= Joseph Snake =

Joseph Snake was an Ojibwe chief belonging to the Chippewas of Lakes Huron and Simcoe from sometime before 1842 until his death in 1861.

Having relinquished virtually all of their territory west of Lake Simcoe to the government of Upper Canada in the Lake Simcoe–Lake Huron Purchase of 1815 and the Lake Simcoe–Nottawasaga Purchase of 1818, these Ojibwe converted to Methodism in 1828 and were persuaded by Lieutenant Governor John Colborne to settle permanently in 1830 in purpose-built villages at Coldwater and Atherley Narrows between Lakes Simcoe and Couchiching. At the same time, Colborne set aside Georgina Island, Snake Island, and Fox Island in Lake Simcoe as a reservation for the Ojibwe.

A change of government in 1836, with Francis Bond Head replacing Colborne as Lieutenant Governor, soon brought this "civilising" experiment to an end. Bond Head persuaded the Ojibwe to leave the Narrows-Coldwater corridor (which remained Crown land) in return for one-third of the proceeds of the anticipated sales of lots there to future European settlers. In 1842, their leading chiefs, Musquakie (otherwise known as William Yellowhead), head chief and leader of the Narrows settlement, and John Aisance, leader of the Coldwater settlement, wrote to Governor General Charles Bagot protesting that Bond Head had not fully explained this purchase agreement, and had, in particular, not made it clear that it did not involve an upfront, lump-sum payment, nor that the Ojibwe would receive only one-third of the sale proceeds.

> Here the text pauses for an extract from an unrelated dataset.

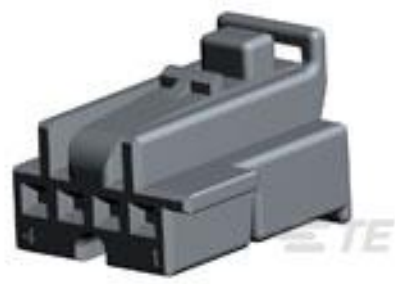
TE Part #1-929170-4 4POS MQS REC COD A
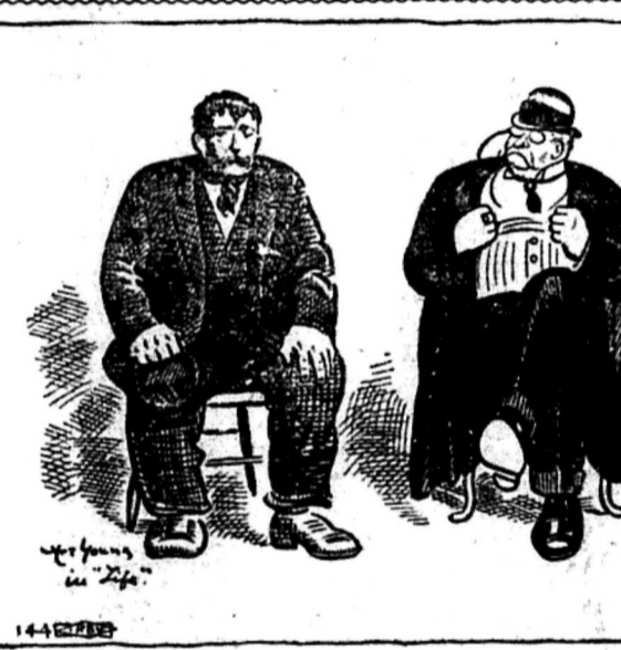
Contractor—Why, confound it! I risk my capital! You don't risk anything. Worker on Bridges and Buildings—That's right; all I risk is my life.

One of the four other chiefs who subscribed to this letter was Joseph Snake, whose signature occurs immediately after that of Musquakie, and before that of Aisance in the list.

As a result of the 1836 agreement, the Ojibwe were obliged to abandon their villages at the Narrows and Coldwater and make homes elsewhere. Whereas Musquakie led the Narrows band to a new settlement at nearby Rama in 1838, and Aisance led the Coldwater band to Beausoleil Island in Georgian Bay in 1842, it seems that the Ojibwe who had settled after 1830 on Snake Island and the other islands of Lake Simcoe remained in place with Joseph Snake as their chief. They sustained themselves by hunting and fishing, although a certain amount of farming was also taking place. By 1858 this "Snake Island band" was regarded by the government as a distinct community from the Rama band (now the Chippewas of Rama First Nation) and the Beausoleil band (now the Beausoleil First Nation), but they retained close links to Rama, whose Methodist preacher ministered to them. The band was the historical antecedent of the Chippewas of Georgina Island First Nation.

Chief Joseph Snake died in 1861. Chief Joseph Snake Road on Georgina Island was named for him.